ENERGY CONSUMPTION IN THE IRON & STEEL INDUSTRY IN EU MEMBER STATES IN LIGHT OF THE THEORY OF ENVIRONMENTAL ECONOMICS

1 GOŁASA Piotr
Co-authors:
1 WYSOKIŃSKI Marcin 1 BIEŃKOWSKA-GOŁASA Wioletta
Institution:
1 Warsaw University of Life Sciences-SGGW , Warszawa, Poland, EU, piotr_golasa@sggw.pl
Conference:
24th International Conference on Metallurgy and Materials, Hotel Voronez I, Brno, Czech Republic, EU, June 3rd - 5th 2015
Proceedings:
Proceedings 24th International Conference on Metallurgy and Materials
Pages:
1927-1932
ISBN:
978-80-87294-58-1
ISSN:
2694-9296
Published:
12th January 2015
Proceedings of the conference were published in Web of Science and Scopus.
Metrics:
346 views / 129 downloads
Abstract

The article presents the use of different energy sources in the iron & steel industry in the European Union in the period between 2005 and 2013. The analysis was based on data from Eurostat. It has been found that the iron & steel industry has, during the studied period, decreased its share in final energy consumption from 5.31% to 4.6%. The largest portion of this, 47%, is derived from Solid fuels, with Oil the smallest at only 2.44%. Over the studied period the structure of energy sources used in the iron & steel industry underwent changes. The consumption of Coke oven coke, which in 2005 accounted for 28.38% of energy sources calculated in kilo tonnes of oil equivalent (ktoe) decreased and in 2013 amounted to only 24.57%. However, this was offset by an increase in consumption of other bituminous coal. Great diversity in the structure of energy sources was observed in the iron & steel industry in the surveyed countries.

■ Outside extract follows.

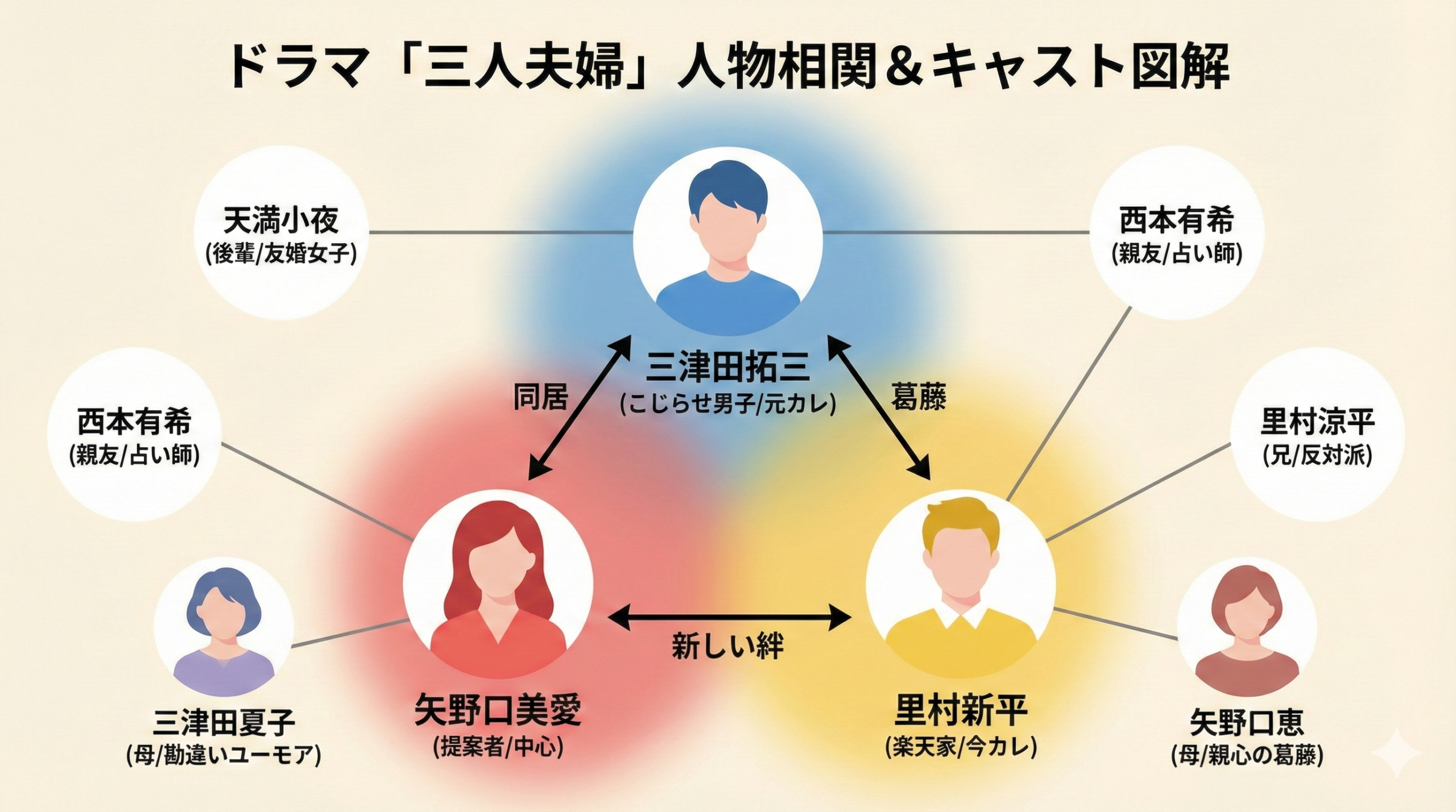 異色の同居生活を描き出す3人夫婦キャストの主要人物を徹底解説

In 2013, the largest share of Solid Fuels was observed in the United Kingdom - 68.96%. The smallest was recorded in Spain and Italy, but those countries were characterised by the decidedly largest share held by Electricity (over 30%).

Keywords: metallurgy, consumption, energy source, environmental economics

© This is an open access article distributed under the Creative Commons Attribution License which permits unrestricted use, distribution, and reproduction in any medium, provided the original work is properly cited.